しょんぼりしたネフェリアをマリックは心配そうに見つめると、慌ただしく、アリウスが顔を出した。

「ネフェリア!」

続いてサリファンも。

「アリウス!サリファン!」


「登校したんだね。大丈夫?」

「何かあったらすぐ言えよ?」

「ふふっ!大丈夫だよ!でも、まだ生徒会室で勉強になる。もう少し落ち着いたら、クラスに行くから。」

2人の嬉しそうな顔を見れて僕も嬉しい。

「ああ。俺達もなるべくそっちに行くから。今任務やら仕事もあるからずっとは入れないけど。
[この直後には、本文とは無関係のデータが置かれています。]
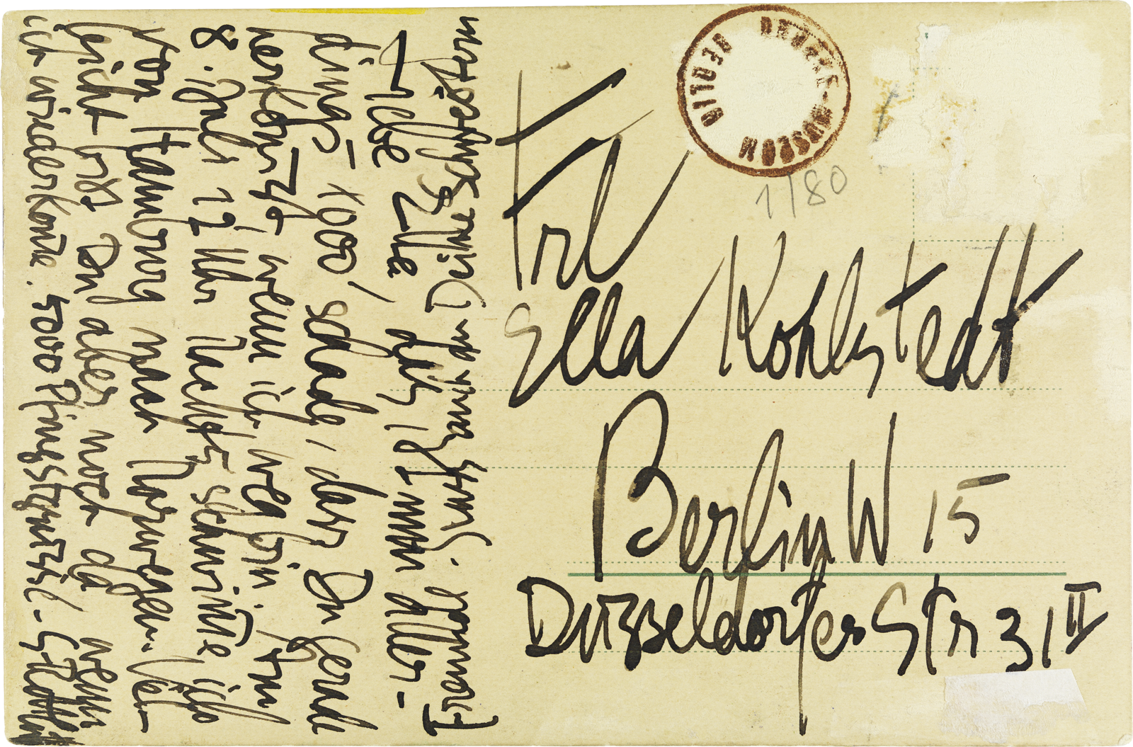 Aus dem Vermächtnis von Elisabeth Kohlstedt (1895–1979) gelangten 1980 und 1982 einige bemalte und an sie adressierte Postkarten und Zeichnungen von Karl Schmidt-Rottluff [Inv.-Nr. 9-13/82, 1/80] ins Brücke-Museum. Kohlstedt hatte den Künstler 1910, in Dangast kennengelernt, und ist daraufhin ein Leben lang mit ihm in Austausch geblieben.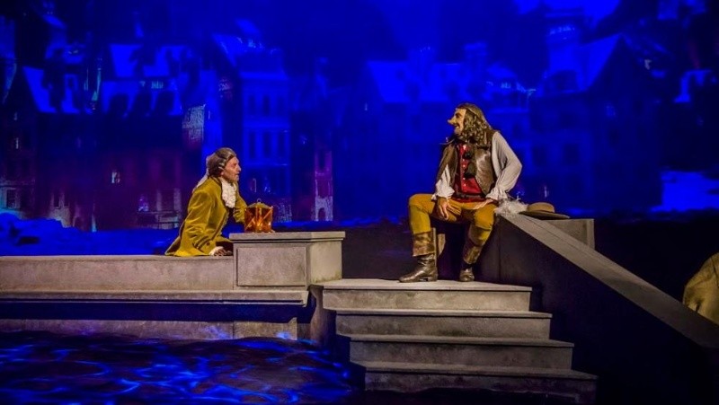 —Tranquilamente. Bueno, es su ídolo. Cyrano habla del Quijote. Y es un tipo que está totalmente enamorado de Roxane, pero él se considera feo porque tiene una gran nariz. Entonces cree que no puede enamorarla. Él ayuda a un soldado que quiere a Roxane a enamorarla, pero a partir de lo que él dice, a partir de cartas que escribe Cyrano, pero firma el otro. La obra se presenta tal cual como se hace en el teatro San Martín de Buenos Aires. Venimos con todos los titulares y con la escenografía, como corresponde.

」

アリウスにギュッと手を繋がれ、慣れ親しんだアリウスの手が心なしか大きく感じた。

「僕も、なるべく行くから…。」

サリファンにも反対の手を握られた。いつもスベスベだった手に少しマメの硬さを感じて驚く。

「う、うん!待ってるね!…じゃあ、戻るから。」

ネフェリアはマリックにも手を振り、生徒会室に戻った。

たったの数日なのに、アリウスとサリファンの変化を感じて、少し戸惑ってしまった。

僕が過去に囚われている間も時は進む。
僕も前を向かい立ち向かわなければと、思った。


もう、視線なんか気にしない!!

鼻息荒く前を向くネフェリアの後ろ姿をキリウスは苦笑しながら見つめた。


少し、妬けるな。やはり、刺激を受けるべきは同年代か…。


そんな時だった、キリウスに向けての一瞬の殺気!  

ぞくりと走る嫌な感じに、辺りを見回す。

ネフェリアの腕を取り、腕の中へと守る様に抱く。

「キリウス様?」

張り詰めた空気から、ネフェリアも静かに腕の中にいた。

殺気が消え、既に廊下には誰もいない。

キリウスは息を吐き、ネフェリアを解放する。

「すまない。少し気になって。」

「いいえ、大丈夫です。」

腕から解放されたネフェリアは、ふと窓から反対の校舎を見た。


そこには、こちらを見据えるペリドットの瞳のダーウィングが立っていた。

ダーウィングはネフェリアに向けて、手を振ると、姿を消した。


「ダーウィング・アピア…」



「どうした?ネフェリア。」

キリウスの問いに、ふるふると首を振る。


「いえ、なんでもありません。」


ネフェリア達は生徒会室へと向かった。